My brother was only barely 17 when his wife left him for another man.
But, at that young age he was mature enough that even though his heart was ripped to shreds he put his daughter first. Because of that they were able to maintain a relationship all these years. I would expect at your age you could put the children first. Why don't you quit blaming me for everything that has happened and try to just give of yourself to them and not do all the WW bashing.
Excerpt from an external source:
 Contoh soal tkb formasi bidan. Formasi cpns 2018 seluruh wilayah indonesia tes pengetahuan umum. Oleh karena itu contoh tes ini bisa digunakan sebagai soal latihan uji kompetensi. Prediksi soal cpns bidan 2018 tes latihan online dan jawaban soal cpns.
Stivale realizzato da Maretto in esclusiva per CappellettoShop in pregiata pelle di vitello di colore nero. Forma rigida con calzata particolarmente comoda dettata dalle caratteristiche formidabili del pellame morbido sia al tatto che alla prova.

That is not healthy or right. You can ask DD2 if you care too, though I feel it is inappropriate that you would try to put her in a battle between us. She does a good enough job trying on her own sometimes. But, I have defended you and your behavior many times over since we have been
apart. Most recently the night she called and got all upset about the
driving. I took her out and she did quite well...the only thing she did was get a little close to the side of the road at the end of our drive on Creek road. She is going to make mistakes but hopefully they will not be mistakes that cause an accident. I told her..."DD2 I think the problem with you and dad's drive's is that you are both all tense before you even get started, you just need to relax more when you get behind the wheel....trust in yourself and your ability to be alert and on your driver's training...you are a good driver and you are doing very well"...then I made her drive herself to your place and told her you both needed to work it out.
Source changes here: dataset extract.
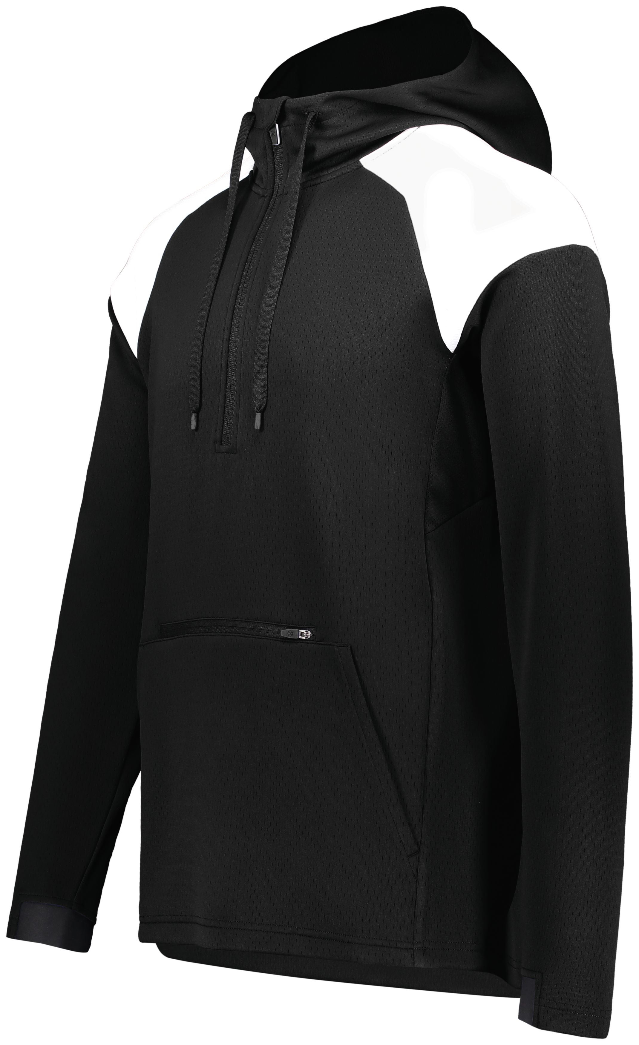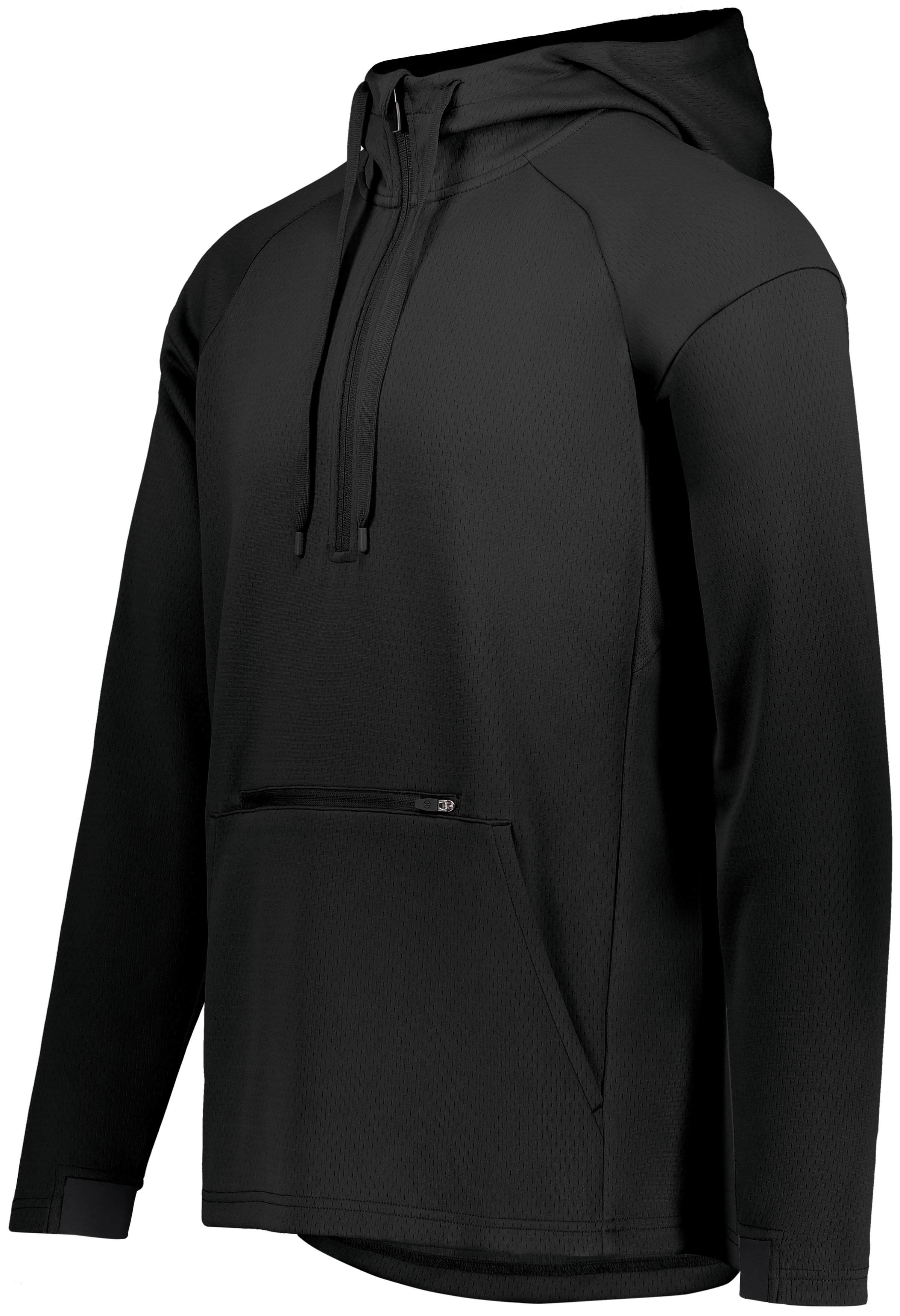 * Dry-Excel™ 100% polyester wicking double knit mesh texture * Wicks moisture * Woven label * High collar, half-zip pullover style with zipper garage and collar * Pinhole mesh lined hood with drawcord * Raglan sleeves for maximum mobility * Front zippered valuables pocket * Front pouch pocket * Half-elastic cuffs * Dropped tail

I don't need you to create problems where there are none. DD1, DS and DD2 are loving and wonderful to me. That will not change unless for your own selfish reasons you try to destroy that which in my opinion would be more evil than my affair. I plan to tell them everything when I feel it is the right time. I am not sure when that will be. I feel it was the right time with Olivia maybe I was wrong I don't know.
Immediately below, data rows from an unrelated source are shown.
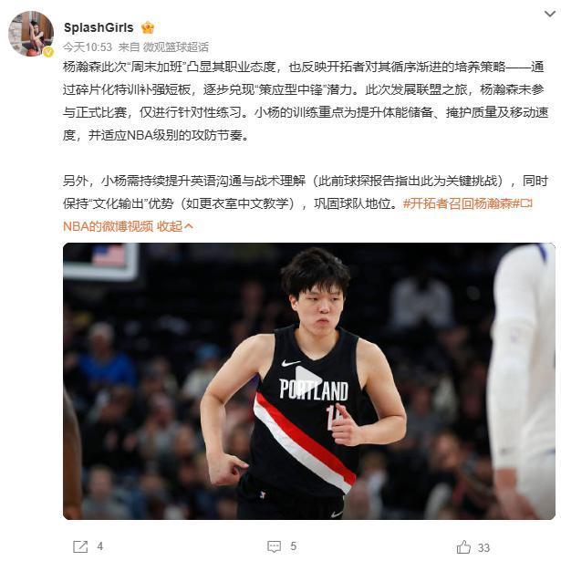 楊瀚森若想真正在波特蘭站穩(wěn)腳跟,就必須用實(shí)際表現(xiàn)為自己正名,至少要讓所有人看到他不可替代的作用。
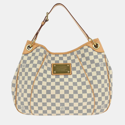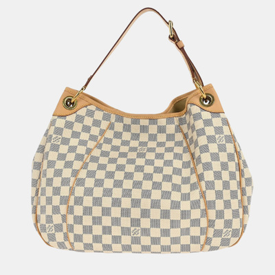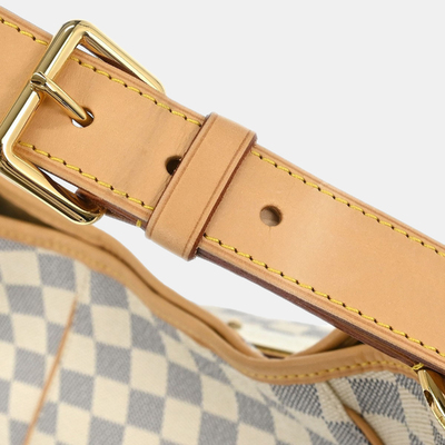This medium sized Galliera PM features Louis Vuittons light Damier Azur canvas with gold tone hardware and natural leather trim. Designed with a wide shoulder strap for everyday wear.
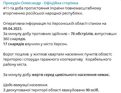 Об этом сообщает глава Херсонской ОВА Александр Прокудин.

DS has less than 8 weeks before he leaves for his mission. We still
have shopping to do and other things to get him all ready. I had hoped we could still communicate and do that. If we don't I think that will be terrible for DS. We will be having DD1 and her H and my parents here for his farewell. I had hoped we could have peace within our family especially at this important time in his life. In his papers of "information to the family" it clearly states "not to burden missionaries with family problems." I would hope if for no other reason than to support our son you can put this behind you. Your anger is not what he needs right now or what Olivia needs.
WW”

The ‘book’ she’s referring to was a ‘save your marriage book by Dr. Phil. I read it and practically memorized it...did all the forms etc. She would not consider doing any of the things recommended in the book.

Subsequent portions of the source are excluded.